Réunis à Dakar dans le cadre du premier Forum International de la Presse Économique de l’Afrique de l’Ouest (FIPE-UEMOA), experts des finances publiques, responsables fiscaux et acteurs de la société civile ont souligné le rôle central de l’harmonisation fiscale, de la transparence et de la lutte contre la corruption dans la réussite de l’intégration économique régionale.

Intervenant lors d’un panel consacré à la gouvernance et aux politiques économiques régionales, Ndèye Nangho Dioum, Inspectrice des Impôts et des Domaines du Sénégal, a rappelé que la coordination des politiques fiscales constitue un pilier essentiel de tout espace économique intégré. Selon elle, l’harmonisation fiscale permet d’éviter une concurrence fiscale préjudiciable entre les États et de garantir des conditions équitables pour les entreprises au sein de l’UEMOA.

Elle a rappelé que le processus d’harmonisation fiscale de l’Union est engagé depuis la fin des années 1990, avec des réformes portant aussi bien sur la fiscalité indirecte que sur la fiscalité directe. L’objectif est notamment de renforcer la mobilisation des ressources intérieures tout en préservant l’attractivité économique des États membres.
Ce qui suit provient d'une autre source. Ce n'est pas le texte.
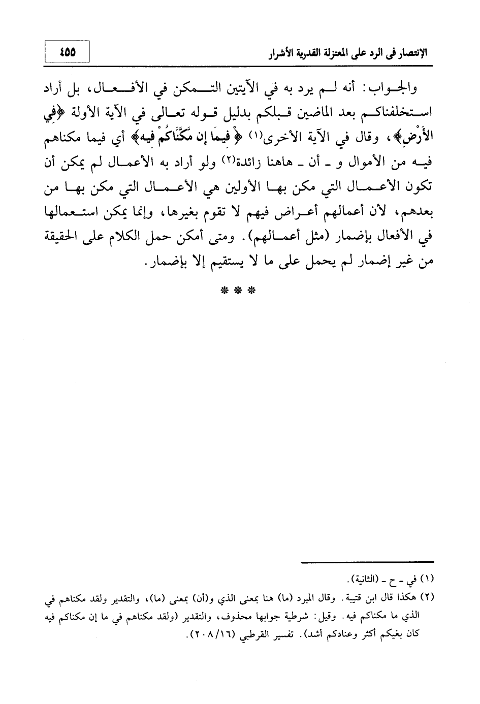 والجواب: أنه لم يرد في الآيتين التمكن في الأفعال، بل أراد استخلفناكم بعد الماضيين بدليل قوله تعالى في الآية الأولى: {فِي الأرْضِ} ، وقال في الآية الأخرى1 {فِيمَا إِنْ مَكَّنَّاكُمْ فِيهِ} أي فيما مكناهم فيه من الأموال و - أن - هاهنا زائدة2 ولو أراد به الأعمال لم يمكن أن تكون الأعمال التي مكن بها الأولين هي الأعمال التي مكن بها من بعدهم، لأن أعمالهم أعراض فيهم لا تقوم بغيرها، وإنما يمكن استعمالها في الأفعال بإضمار (مثل أعمالهم) . ومتى أمكن حمل الكلام على الحقيقة من غير إضمار لم يحمل على ما لا يستقيم إلا بإضمار.

Des progrès, mais des défis persistants

Malgré les avancées enregistrées, les intervenants ont relevé que les pays de l’Union restent encore en deçà de l’objectif communautaire de pression fiscale fixé à 20 %. Le Sénégal apparaît comme le pays le plus proche de cette cible avec un taux de 18,2 %, tandis que plusieurs États demeurent encore loin des standards communautaires.

Les experts ont également insisté sur la nécessité de renforcer la lutte contre l’évasion fiscale, les prix de transfert abusifs et les pratiques d’optimisation agressive utilisées par certaines multinationales. À cet égard, l’UEMOA et la CEDEAO ont adopté ces dernières années plusieurs instruments visant à faciliter les échanges d’informations fiscales et à lutter contre l’érosion des bases imposables.
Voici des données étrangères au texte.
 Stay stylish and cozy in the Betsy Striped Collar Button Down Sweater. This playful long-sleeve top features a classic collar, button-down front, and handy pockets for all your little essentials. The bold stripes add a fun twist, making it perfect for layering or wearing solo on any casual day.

Le Sénégal, un bon élève de l’intégration budgétaire

Inspecteur du Trésor, Modou Bèye a pour sa part mis en avant les efforts du Sénégal dans la transposition des directives communautaires. Selon lui, le pays figure parmi les meilleurs élèves de l’Union en matière d’intégration des normes budgétaires et fiscales.
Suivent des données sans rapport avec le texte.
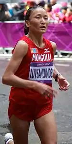 Luvsanlkhündegiin Otgonbayar, (Mongolian: Лувсанлхүндэгийн Отгонбаяр; born July 13, 1982)[1] is a Mongolian athlete. She has represented her country by running the marathon at competitions such as the 2004 Summer Olympics, the 2006 Asian Games, the 2007 World Championships and the 2012 Summer Olympics.

Il a expliqué que la convergence des politiques économiques et budgétaires est indispensable pour assurer la stabilité macroéconomique de l’Union. Les retards dans la transposition des textes communautaires peuvent créer des disparités, réduire la visibilité des États sur leurs recettes et dépenses publiques et freiner l’efficacité des politiques régionales.

Modou Bèye a également insisté sur la nécessité de renforcer les mécanismes de résilience de l’Union face aux chocs extérieurs, qu’ils soient sanitaires, climatiques ou énergétiques. Il a notamment plaidé pour la création d’un fonds régional de stabilisation afin d’aider les États à faire face aux crises futures tout en préservant la discipline budgétaire communautaire.

L’Inspecteur du Trésor a par ailleurs rappelé que l’attractivité d’un pays ne dépend pas uniquement de son niveau d’imposition. La stabilité des règles fiscales, la sécurité juridique, la qualité des institutions et la prévisibilité des politiques publiques constituent également des critères déterminants pour les investisseurs.

La corruption, un frein à l’attractivité économique

Président du Réseau national de lutte anti-corruption (REN-LAC) du Burkina Faso, Pissyamba Ouédraogo a rappelé que les disparités réglementaires et les insuffisances des mécanismes de contrôle favorisent les pratiques de corruption et les flux financiers illicites.

Selon lui, la lutte contre la corruption ne peut reposer uniquement sur les institutions publiques. Elle nécessite également l’implication active de la société civile, des médias et des citoyens afin de renforcer la redevabilité et le contrôle de la gestion des ressources publiques.

L’expert a également souligné que la perception de la corruption influence directement les décisions d’investissement. Une gouvernance défaillante augmente les risques pour les investisseurs et réduit l’attractivité économique des pays concernés.

Un rôle stratégique pour les médias économiques

Les panélistes ont unanimement reconnu l’importance de la presse économique dans la promotion de la transparence et de la bonne gouvernance. En facilitant l’accès à l’information économique et budgétaire, les médias contribuent à éclairer le débat public et à renforcer le contrôle citoyen sur la gestion des finances publiques.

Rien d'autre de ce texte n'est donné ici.